Records from patients seen in consultation and treated at a community hospital for differentiated thyroid cancer were retrospectively reviewed. This cohort included review of a series of 119 consecutive patients treated for DTC by the same team of physicians from 2002 to 2016. Follow-up ranged from 2 years to 16 years. Pathology review revealed papillary and papillary follicular subtypes accounted for the majority of cases. Outcomes and treatments were determined by chart review.

Results

The population consisted of 89 females and 30 males. Ages ranged from 19 to 88 years. Most tumors (n=110) were papillary or a follicular variant of papillary thyroid cancer. Two of these were characterized as tall cell variants. Eight patients had follicular thyroid cancer and one patient had a Hürthle cell thyroid cancer. Patients were staged using the staging system as published in Swift et al. [7] shown in Table 2.

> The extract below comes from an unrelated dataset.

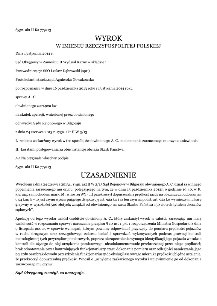 Sygn. akt II Ka 779/13 WYROK W IMIENIU RZECZYPOSPOLITEJ POLSKIEJ Dnia 13 stycznia 2014 r. Sąd Okręgowy w Zamościu II Wydział Karny w składzie : Przewodniczący: SSO Lesław Dąbrowski (spr.) Protokolant: st.sekr.sąd. Agnieszka Nowakowska po rozpoznaniu w dniu 16 października 2013 roku i 13 stycznia 2014 roku sprawy A. C. obwinionego z art.92a kw na skutek apelacji, wniesionej przez obwinionego od wyroku Sądu Rejonowego w Biłgoraju z dnia 24 czerwca 2013 r. sygn. akt II W 3/13 I. zmienia zaskarżony wyrok w ten sposób, że obwinionego A. C. od dokonania zarzuconego mu czynu uniewinnia ; II. kosztami postępowania za obie instancje obciąża Skarb Państwa. /-/ Na oryginale właściwy podpis. Sygn. akt II Ka 779/13 UZASADNIENIE Wyrokiem z dnia 24 czerwca 2013r., sygn. akt II W 3/13 Sąd Rejonowy w Biłgoraju obwinionego A. C. uznał za winnego popełnienia zarzuconego mu czynu, polegającego na tym, że w dniu 15 października 2012r. o godzinie 19:40, w K. kierując samochodem marki M., o nre rej WY (...) przekroczył dopuszczalną prędkość jazdy na obszarze zabudowanym o 54 km/h – to jest czynu wyczerpującego dyspozycję art. 92a kw i za ten czyn na podst. art. 92a kw wymierzył mu karę grzywny w wysokości 500 złotych; zasądził od obwinionego na rzecz Skarbu Państwa 150 złotych tytułem „kosztów sądowych”. Apelację od tego wyroku wniósł osobiście obwiniony A. C., który zaskarżył wyrok w całości, zarzucając mu małą wnikliwość w rozpoznaniu sprawy; naruszenie przepisu § 10 ust 1 pkt 1 rozporządzenia Ministra Gospodarki z dnia 9 listopada 2007r. w sprawie wymagań, którym powinny odpowiadać przyrządy do pomiaru prędkości pojazdów w ruchu drogowym oraz szczegółowego zakresu badań i sprawdzeń wykonywanych podczas prawnej kontroli metrologicznej tych przyrządów pomiarowych, poprzez niezapewnienie wymogu identyfikacji jego pojazdu w trakcie kontroli dla użytego do niej urządzenia pomiarowego; nieudokumentowanie przekroczonej przez niego prędkości; brak odnotowania przez kontrolujących funkcjonariuszy czasu dokonania pomiaru oraz odległości namierzania jego pojazdu oraz brak dowodu przeszkolenia funkcjonariuszy do obsługi laserowego miernika prędkości; błędne ustalenie, że przekroczył dopuszczalną prędkość. Wnosił o „uchylenie zaskarżonego wyroku i uniewinnienie go od dokonania zarzuconego mu czynu”. Sąd Okręgowy zważył, co następuje. Apelacja obwinionego oraz jej wniosek są zasadne. Uzupełniony przez Sąd Okręgowy w postępowaniu odwoławczym materiał dowodowy o opinię biegłego z zakresu technologii pomiaru prędkości pojazdów J. T. potwierdził zarzut dokonania błędnych ustaleń faktycznych odnośnie do rzeczywistego przekroczenia przez obwinionego dopuszczalnej administracyjnie w terenie zabudowanym prędkości. Owo ustalenie należy uznawać za błędne wobec podważenia przez biegłego J. T. poprawności dokonania pomiaru prędkości. Mianowicie, biegły ten podważył przekonanie (a tym samym i oparte na nim ustalenia), zeznających w sprawie w charakterze świadków funkcjonariuszy Policji dokonujących czynności kontrolno pomiarowych w osobach B. K. i A. P. co do tego, że dysponując laserowym miernikiem prędkości ULTRALYTE LTI 20-20 100 LR byli w stanie dokonywać precyzyjnych pomiarów prędkości poszczególnych pojazdów, a to dzięki optycznemu celownikowi umożliwiającemu wybór dowolnego celu na drodze, niezależnie od liczby pojazdów oraz pasów ruchu (zob. fabryczna instrukcja obsługi laserowego miernika prędkości k. 56 – 58). Otóż, jak wynika z rzeczonej opinii, punkt celowniczy widoczny w wizjerze przyrządu ULTRALYTE LTI 20-20 w rzeczywistości nie jest wcale obrazem promienia lasera (które pozostaje w zakresie światła podczerwonego niewidocznego dla ludzkiego oka), lecz symulowanym punktem celowniczym, który jest tworzony w wizjerze przyrządu i może w zasadniczy sposób odbiegać od rzeczywistego miejsca padania wiązki pomiarowej. W szczególności, rozmiar punktu celowniczego nie odzwierciedla rzeczywistego rozmiaru wiązki pomiarowej. Światło laserowe używane przez przyrząd ma duże skupienie, nie mniej jednak wraz z odległością od przyrządu wiązka światła ulega tzw. dywergencji (rozbieżności), która dla tego przyrządu wynosi nie więcej, jak 2,07 miliradiana. Powyższe oznacza, że w odległości 500 metrów od przyrządu wiązka pomiarowa ma średnicę co najmniej jednego metra. Tak więc w zależności od odległości namierzanego pojazdu punkt celowniczy ukazywany w wizjerze może być większy niż rzeczywisty rozmiar wiązki, co określa zależność, że dla celów bliskich jest większy, zaś dla celów dalekich mniejszy. Z § 18 ust.1 pkt 1 Rozporządzenia Ministra Gospodarki z dnia 9 listopada 2007 r. w sprawie wymagań, którym powinny odpowiadać przyrządy do pomiaru prędkości pojazdów w ruchu drogowym oraz szczegółowego zakresu badań i sprawdzeń wykonywanych podczas prawnej kontroli metrologicznej tych przyrządów pomiarowych wynika, że przyrząd laserowy powinien być wyposażony w urządzenie celownicze z wizjerem, umożliwiające zachowanie zbieżności osi optycznej celownika (promienia wizjera) z wiązką promieniowania lasera. Ze względu na to, że promieniowanie laserowe jest generowane w oddzielnym względem wizjera układzie optycznym, który znajduje się poniżej celownika, to możliwe jest zapewnienie , że punkt celowniczy nie będzie przesunięty względem pomiarowej wiązki laserowej tylko w poziomie, natomiast nie jest możliwe zapewnienie takiej zbieżności w pionie, co oznacza, że wszystkie cele, które będą bliższe niż odległość punktu zbieżności w rzeczywistości będą przesunięte niżej niż punkt pokazywany przez celownik, zaś cele dalsze będą przesunięte wyżej, a wielkość tego przesunięcia będzie zależała od odległości celu od punktu zbieżności. Zbieżność celownika jes

While most patients were controlled with the standard therapy outlined, a report of advanced stage and high-risk patients as well as treatment failures is informative. Three patients presented with Stage IVa disease. The first one was a male in the 45-50 years age bracket with bilateral papillary carcinoma, characterized by extensive local disease with multiple neck and upper mediastinal lymph nodes as well as lymphovascular space invasion and perineural invasion. He recurred a year after standard treatment with thyroidectomy, RIT and levothyroxine suppression treatment, declined further treatment and died. The second stage IVa patient was a 70 years old female with Hürthle cell carcinoma of the thyroid gland, treated per standard guidelines and is doing well with no evidence of disease (NED). The third stage IVa patient was an 83 years old female with bilateral papillary carcinoma, with extension into soft tissues and the anterior tracheal wall, treated with thyroidectomy, RIT and levothyroxine and is also doing well without evidence of disease recurrence.

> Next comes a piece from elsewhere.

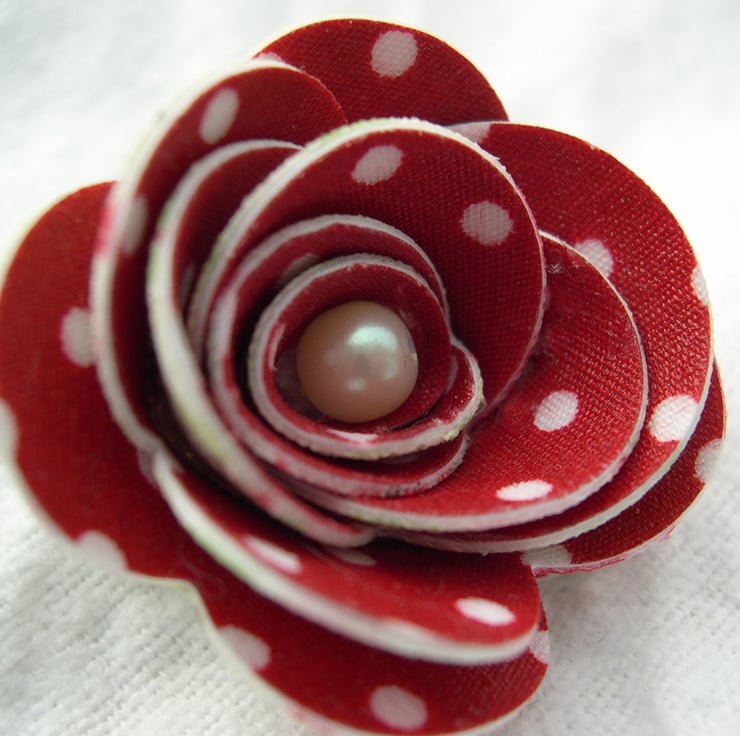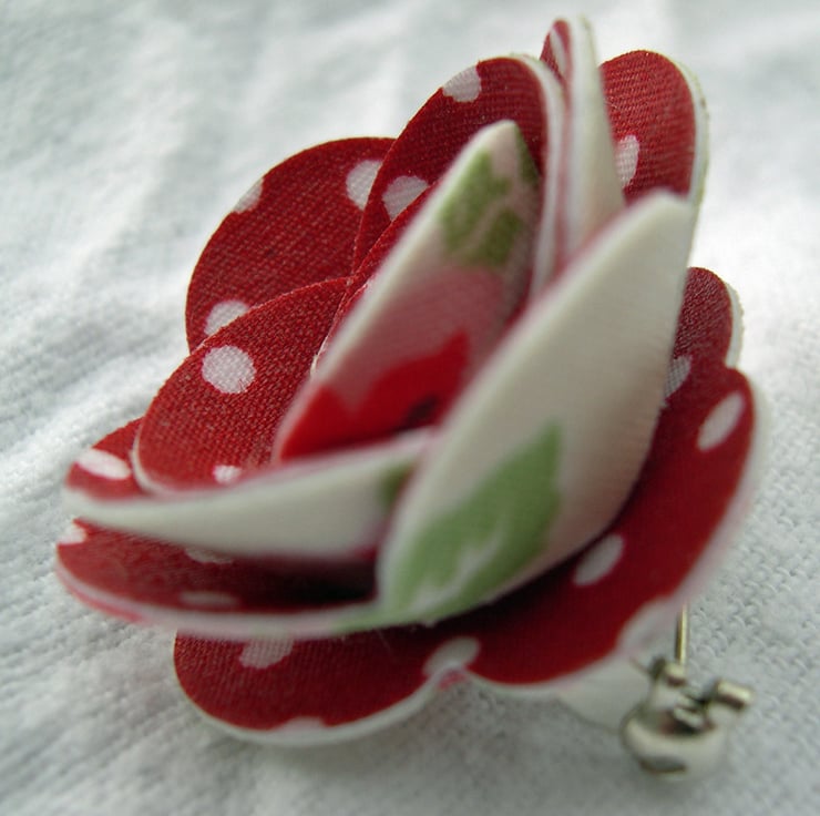 Hardened Fabric Floral and Red Polka Dot Rose Brooch

Two patients had papillary carcinoma tall cell variants. The first patient was a 71 years old woman with stage II disease: T3N0M0 treated with surgery, RIT and external beam radiotherapy to the thyroid bed and adjacent neck nodes, who recurred locally and was treated with a second dose of 151.1 mCi I131 2.5 years after her initial treatment. She is alive and doing well without recurrence. The second patient with tall cell carcinoma was an 83 years old male with Stage III disease T4N0M0 tumor that was invading extrathyroid soft tissues and was treated with surgery and adjuvant RIT successfully and remains NED.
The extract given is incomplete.